Неужели какой-то суд важнее величайшей пьесы в истории?
На следующем спектакле снова была одна бабушка. Она невпопад плакала и невпопад раскалывалась. Она захлопала, когда пришло известие о том, что Офелия утонула, хотя это плохая новость, и зашикала на Гамлета, когда в конце он ранил на дуэли Лаэрта, хотя это как раз хорошо, по понятным причинам.
«Здесь были эти губы, которые я целовал, сам не знаю сколько раз. Где теперь твои шутки? Твои дурачества? Твои песни?»

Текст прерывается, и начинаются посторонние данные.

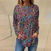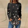 Женская свободная футболка с длинным рукавом с круглым вырезом и принтом, верхний пуловер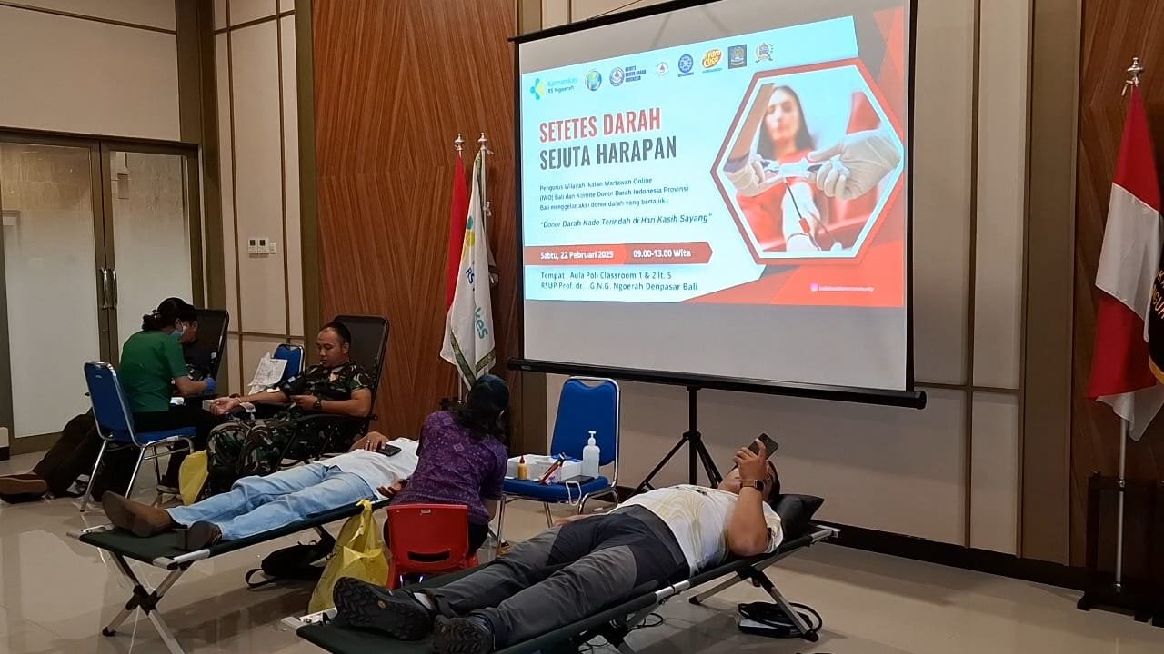Denpasar I barometerbali – Pengurus Wilayah Ikatan Wartawan Online (PW-IWO) Bali dan Komite Donor Darah Indonesia (KDDI) Provinsi Bali menggelar aksi donor darah di Aula prof. Ngoerah pada sabtu (22/2/2025). Acara tersebut dengan mengusung tema “Setetes Darah, Sejuta Harapan” kegiatan kali ini diikuti 48 peserta yang berhasil lolos pemeriksaan atau screening awal, dari total kurang lebih 61 peserta yang mendaftar.

За кулисами перед последним спектаклем Джимми Снайдер передразнивал бабушку для всей труппы. Видно, я не просек, что она такая громкая. Я ругал себя за то, что обращаю на нее внимание, а зря, она сама была в этом виновата. На нее все обращали внимание. Джимми скопировал ее в ноль: как она взмахивает левой рукой, услышав что-нибудь смешное, точно от мухи отмахивается. Как склоняет голову набок, точно хочет на чем-нибудь запредельно сосредоточиться, как чихает и говорит: «Чтоб я была здорова». И еще как она заплакала и сказала: «Грустно», но так, что все услышали.

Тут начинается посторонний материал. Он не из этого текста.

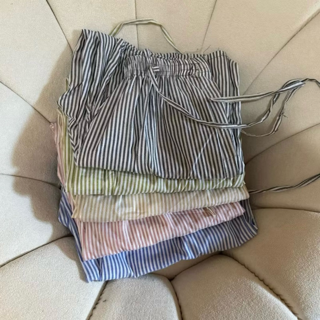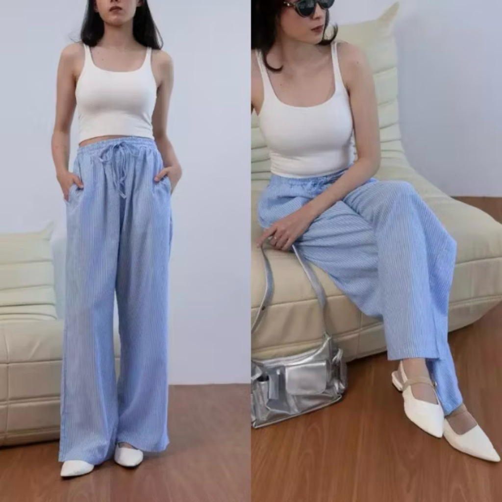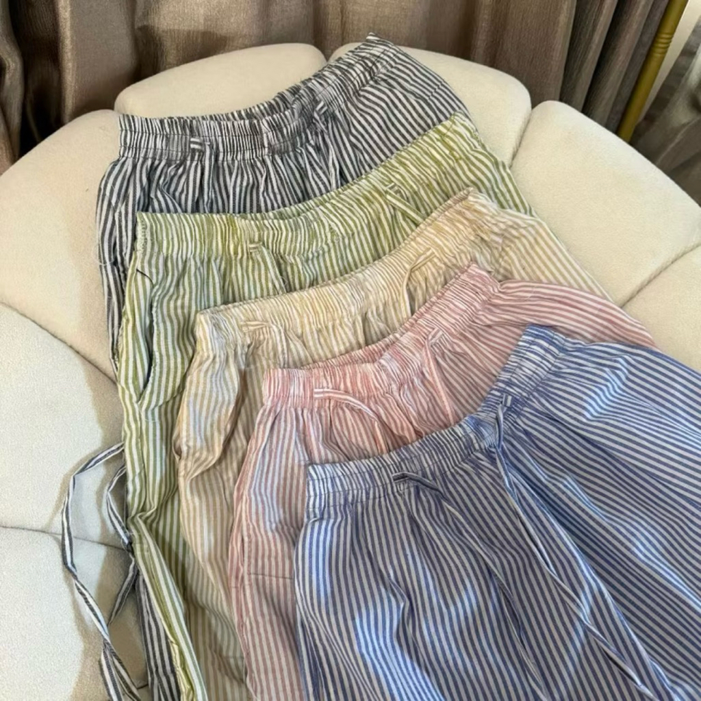 FAFASHION | Kulot Stripe Pants Celana Wanita High Waist Katun Premium Baggy Motif Salur Nyaman Jatuh

Я сидел и смотрел, как Джимми всех раскалывает. Даже миссис Ригли раскололась, и муж ее тоже, он играл на пианино во время смены декораций. Я не стал говорить, что это моя бабушка, и не потребовал, чтобы он перестал. Снаружи себя я раскалывался вместе со всеми. Но внутри себя я жалел, что ее нельзя упрятать в переносной карман или переодеть в костюм-невидимку. Я жалел, что мы с ней не можем уйти куда-нибудь подальше от всех, типа в Шестой округ.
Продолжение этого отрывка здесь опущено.